Jonathan found himself in real estate in 2010, and he married his wife in 2015. Both hoped for a large family but were unsuccessful in having children. “My wife and I remembered the passion we had for the kids we worked with together in Mexico, and we decided to sign up to be foster parents.”

Becoming a Foster Parent

“Our first placement was a little girl named Sophia. She was born with drug addiction, and we visited her in the ICU for 21 days before we took her home for the first time. We had her in our home for four months until the mother found a guy 20 years older than her to claim he was the father, and without a paternity test, DCF placed the baby with him.”

“This broke us. I have never cried as hard as I did the night I had to drive and deliver Sophia to that man we all knew was posing as the father.”

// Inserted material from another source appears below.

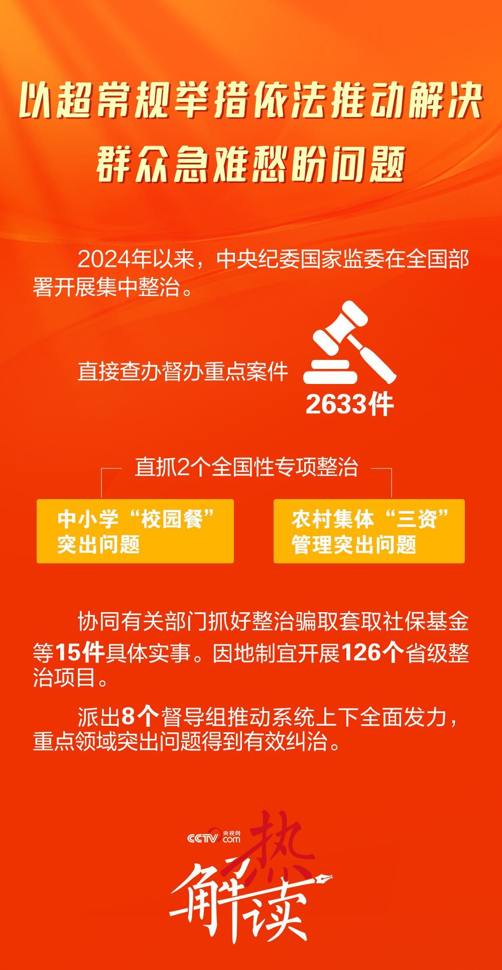2024年1月8日,在二十屆中央紀(jì)委三次全會(huì)上,習(xí)近平總書(shū)記明確要求懲治“蠅貪蟻腐”,讓群眾有更多獲得感。全會(huì)強(qiáng)調(diào)瞄準(zhǔn)教育、就業(yè)、醫(yī)療等民生領(lǐng)域的痛點(diǎn)難點(diǎn)開(kāi)展集中整治。此次召開(kāi)的二十屆中央紀(jì)委四次全會(huì),更加明確民生領(lǐng)域腐敗問(wèn)題整治方向——聚焦“縣以下這一關(guān)鍵環(huán)節(jié)、薄弱環(huán)節(jié)”,直達(dá)正風(fēng)肅紀(jì)反腐“最后一公里”。

After that, Jonathan and his wife nearly quit foster care, but a new opportunity gave them the determination to try again. “We adopted Annie on her 1-year birthday.” Around this time, Jonathan’s wife quit her corporate job to focus on being a full-time mother, as well as to run the books for their two businesses. “The moment we were not required to keep her in daycare by DCF, I started taking Annie with me everywhere to show houses and work and even put her on the back of my business card as my ‘Director of Client Relations.’”

“We don’t want to admit it, but even here in Jacksonville, there are people who live in squalor in third world conditions. Again, God humbled me and caused me to realize that I grew up in some of the same poverty conditions that many of these kids who enter foster care grow up in.”

Jonathan and his wife have had 11 foster children come through their home in the last five years. “Although it isn’t easy, it is definitely worth it,” says Jonathan. However, they have taken a break from foster care for this year as Jonathan’s parents have moved into their home.

Jonathan Daugherty brings this same humility into his business with all his clients. “We are blessed to have a profession where we can actually do good and help people,” he reminds his peers. Although real estate is his primary focus, he also manages rental properties. “I actively encourage my tenants not to be tenants anymore and instead invest in themselves. I help put them through a credit-building program with a lender I have a relationship with and have helped many of my tenants become homeowners and invest in themselves instead of paying rent.”

We are blessed to have a profession where we can actually do good and help people.